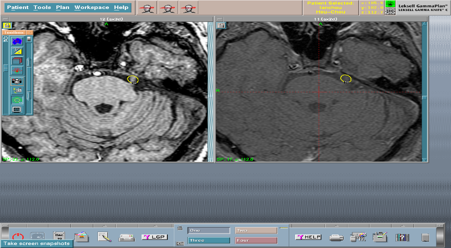 * 手術當天早上: 病患由病房送至加馬刀治療中心,先安置頭部立體定位頭架,再接受影像學檢查(磁振造影掃瞄MRI或電腦斷層掃瞄CT或血管攝影檢查Angiogram),檢查完畢後,再送回加馬刀治療中心。由治療小組利用影像學檢查結果,以精密的電腦程式 (Gamma Plan),設計完整的放射治療範圍及劑量。病患接受加馬刀放射手術治療。
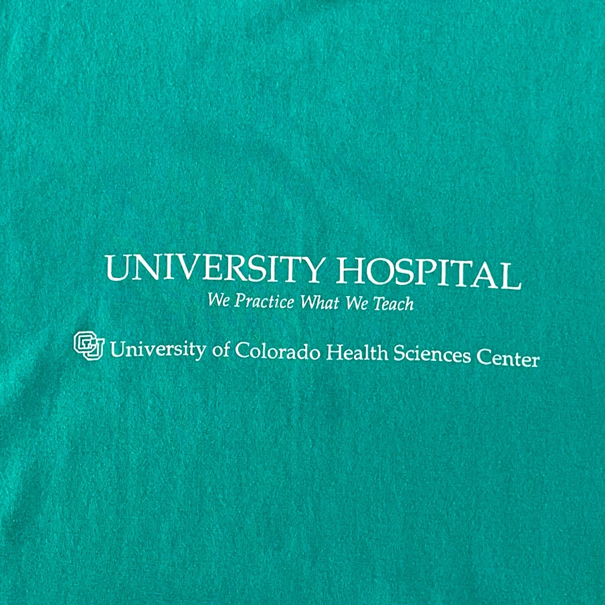 【商品説明】80年代HanesボディのプリントTシャツ。コロラド大学健康科学センターのプリント。綺麗な色味にシンプルなプリント。裾袖ともにシングルステッチ。
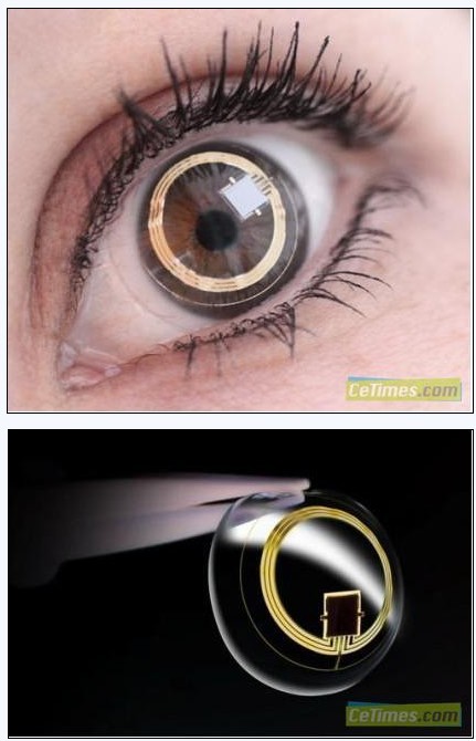 AG公司设计的一款内嵌无线MEMS传感器的隐形眼镜,利用一个嵌入式微型应变计连续在一段时间内(通常为24小时)监测眼睛的曲率,此外该隐形眼镜还内嵌天线、微型专用处理电路和向接收器发送测量数据的射频发射器。
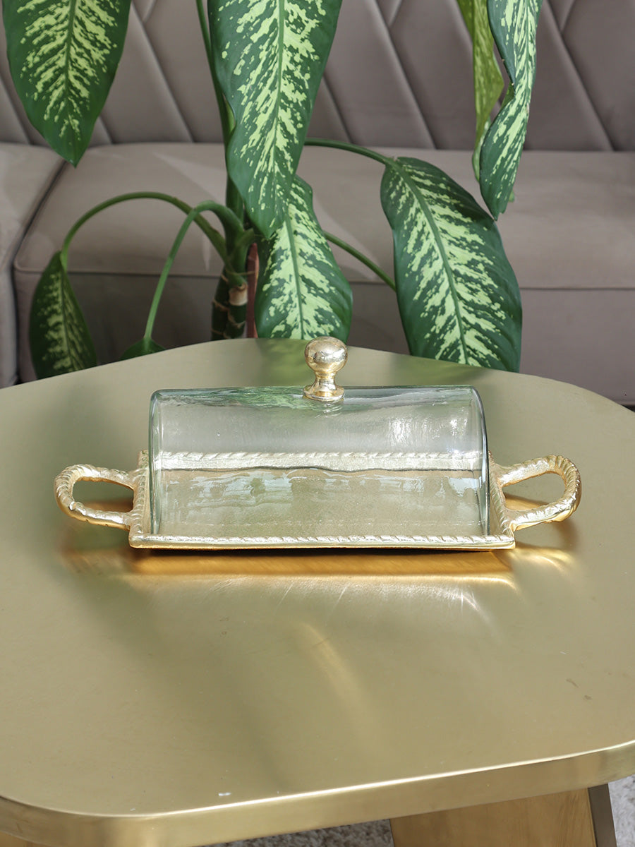 Vintage Design: A classic rectangular gold platter paired with a glass cloche, combining vintage elegance with modern functionality.
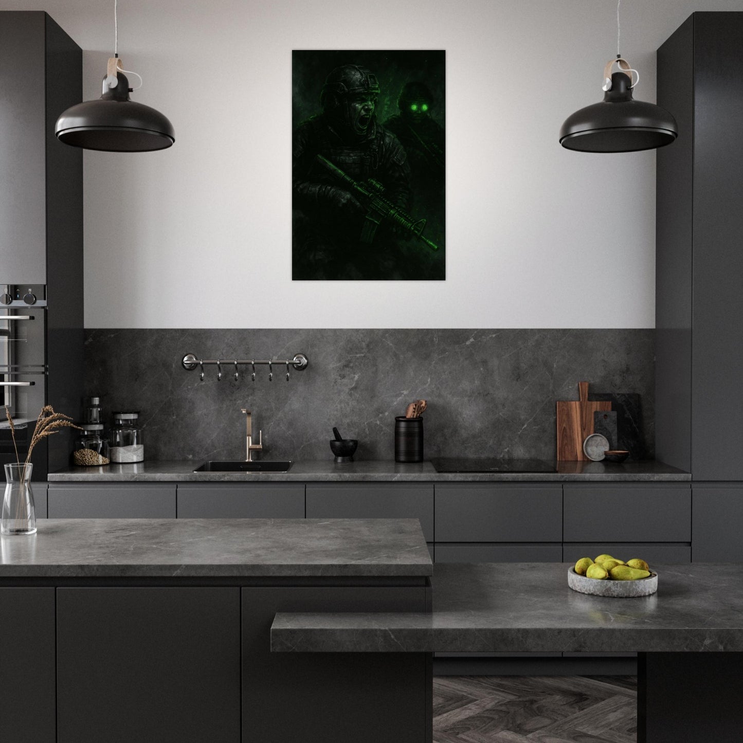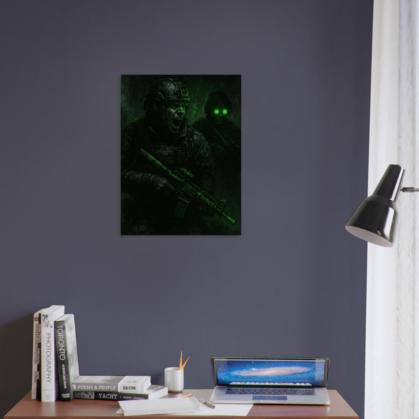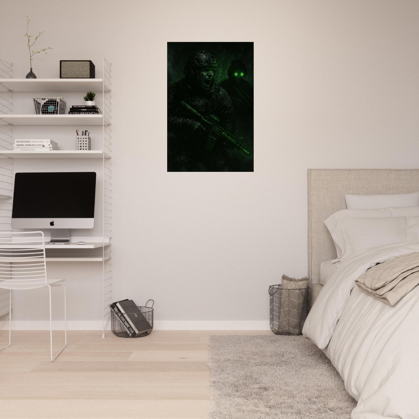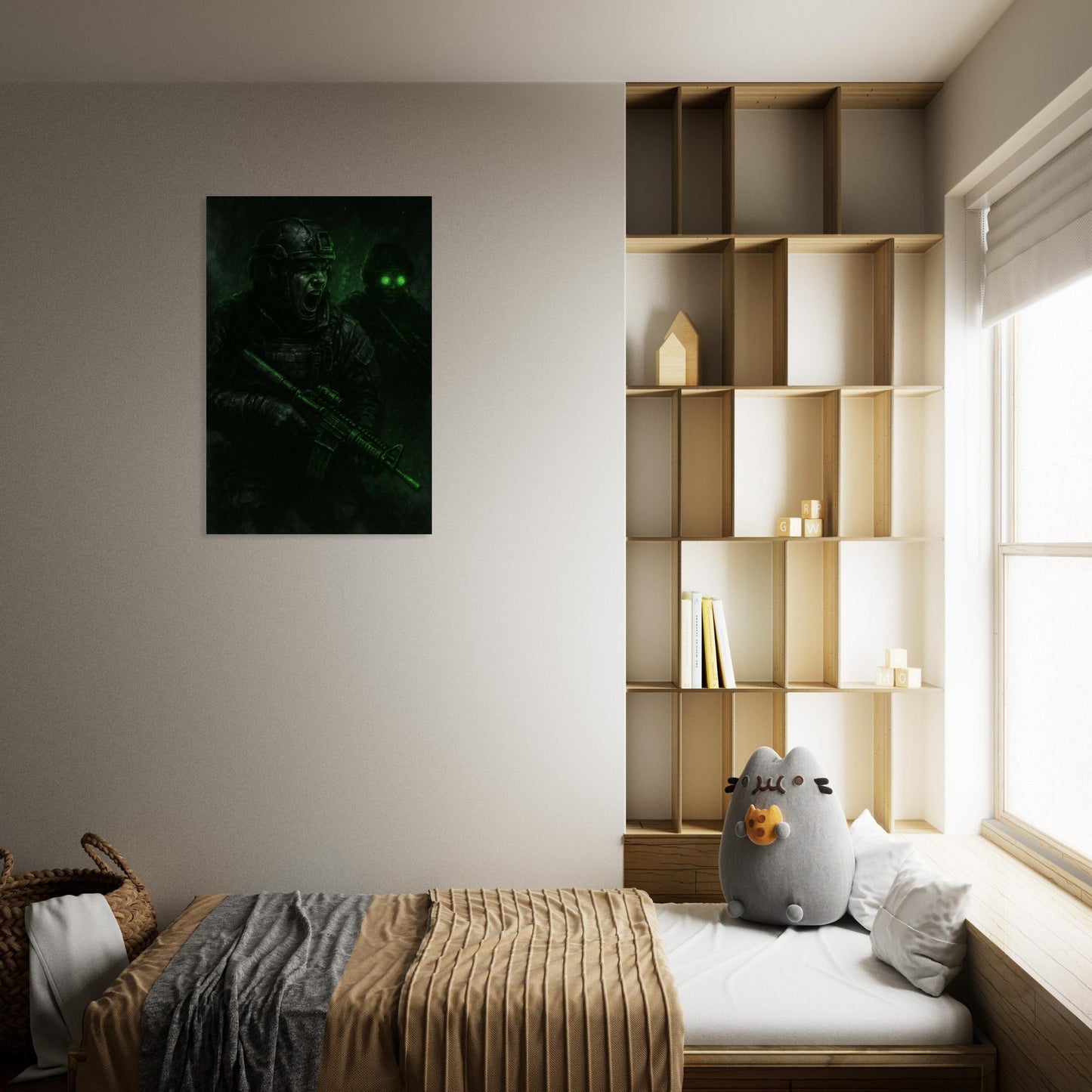 This artwork channels the raw energy of a high-stakes black ops moment—equal parts precision and fury. With vivid night vision contrast and cinematic detail, it's the perfect centerpiece for man caves, gaming setups, or any space that celebrates elite warfare.
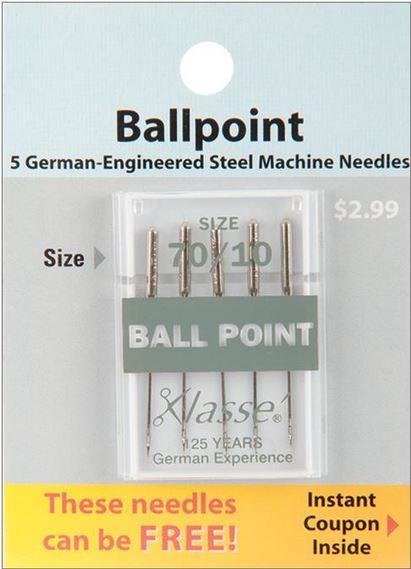 Use este tipo de aguja para tejidos de punto de algodón, interlock, tejidos acanalados, vellón, punto doble y la mayoría de los tejidos de punto. Más redondeado diseñado para separar las fibras de la tela en lugar de cortarlas.
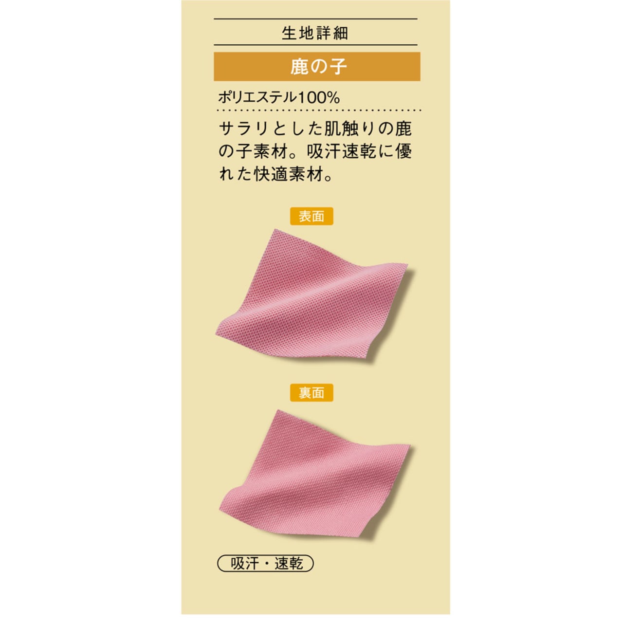夏の暑さの中でのお仕事を快適にしてくれる、生地選定もポイントのポロシャツです。本体生地には、ポロシャツでの採用も多い鹿の子が使用されています。表面に凹凸のある、さらりとした質感が心地いい素材で、体への張り付きも少ないのが特長です。また、汗をかくお仕事には必須の吸汗・速乾性を備えており、いつも着心地はからりと爽やか。ポリエステル100%なのでお洗濯もしやすく、着て洗ってを繰り返し、タフに着回せる一着になっています。
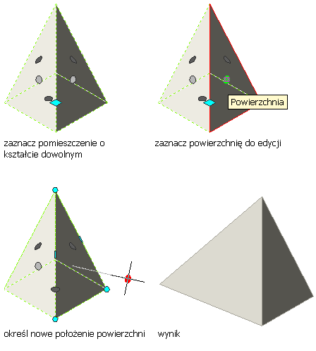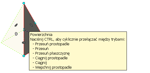 | przesuwać powierzchnię w dowolnym kierunku z rozciąganiem przylegających powierzchni | kliknij i przytrzymaj uchwyt powierzchni, naciśnij jednokrotnie Ctrl i określ nowe położenie. |
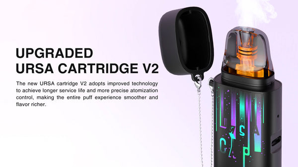 Lost Vape Ursa Cap comes with 2.5ml vape juice volume, a 1000mAh rechargeable battery as the power source, and a unique anti-dust cap for carefree vaping. Lost Vape Ursa is incredibly compact, as large as a lipstick. What's more, the cartridge's built-in 0.8 ohm resistance ensures dense, flavorful vapor. It can hold 2.5ml e-juice thanks to the Ursa Pod Cartridge V2. There is an indicator light that displays battery status with different colors. The special dustproof cap is also equipped with a chain so that you will not lose it. Lost Vape Ursa Cap offers best MTL vaping experience with 25W max output.

◆ TASK INSTRUCTIONS
Send back the entries above exactly. Skip the images.

◆ REPLY
 * 手術當天早上: 病患由病房送至加馬刀治療中心,先安置頭部立體定位頭架,再接受影像學檢查(磁振造影掃瞄MRI或電腦斷層掃瞄CT或血管攝影檢查Angiogram),檢查完畢後,再送回加馬刀治療中心。由治療小組利用影像學檢查結果,以精密的電腦程式 (Gamma Plan),設計完整的放射治療範圍及劑量。病患接受加馬刀放射手術治療。
 【商品説明】80年代HanesボディのプリントTシャツ。コロラド大学健康科学センターのプリント。綺麗な色味にシンプルなプリント。裾袖ともにシングルステッチ。
 AG公司设计的一款内嵌无线MEMS传感器的隐形眼镜,利用一个嵌入式微型应变计连续在一段时间内(通常为24小时)监测眼睛的曲率,此外该隐形眼镜还内嵌天线、微型专用处理电路和向接收器发送测量数据的射频发射器。
 Vintage Design: A classic rectangular gold platter paired with a glass cloche, combining vintage elegance with modern functionality.
 This artwork channels the raw energy of a high-stakes black ops moment—equal parts precision and fury. With vivid night vision contrast and cinematic detail, it's the perfect centerpiece for man caves, gaming setups, or any space that celebrates elite warfare.
 Use este tipo de aguja para tejidos de punto de algodón, interlock, tejidos acanalados, vellón, punto doble y la mayoría de los tejidos de punto. Más redondeado diseñado para separar las fibras de la tela en lugar de cortarlas.
夏の暑さの中でのお仕事を快適にしてくれる、生地選定もポイントのポロシャツです。本体生地には、ポロシャツでの採用も多い鹿の子が使用されています。表面に凹凸のある、さらりとした質感が心地いい素材で、体への張り付きも少ないのが特長です。また、汗をかくお仕事には必須の吸汗・速乾性を備えており、いつも着心地はからりと爽やか。ポリエステル100%なのでお洗濯もしやすく、着て洗ってを繰り返し、タフに着回せる一着になっています。
 | przesuwać powierzchnię w dowolnym kierunku z rozciąganiem przylegających powierzchni | kliknij i przytrzymaj uchwyt powierzchni, naciśnij jednokrotnie Ctrl i określ nowe położenie. |
 Lost Vape Ursa Cap comes with 2.5ml vape juice volume, a 1000mAh rechargeable battery as the power source, and a unique anti-dust cap for carefree vaping. Lost Vape Ursa is incredibly compact, as large as a lipstick. What's more, the cartridge's built-in 0.8 ohm resistance ensures dense, flavorful vapor. It can hold 2.5ml e-juice thanks to the Ursa Pod Cartridge V2. There is an indicator light that displays battery status with different colors. The special dustproof cap is also equipped with a chain so that you will not lose it. Lost Vape Ursa Cap offers best MTL vaping experience with 25W max output.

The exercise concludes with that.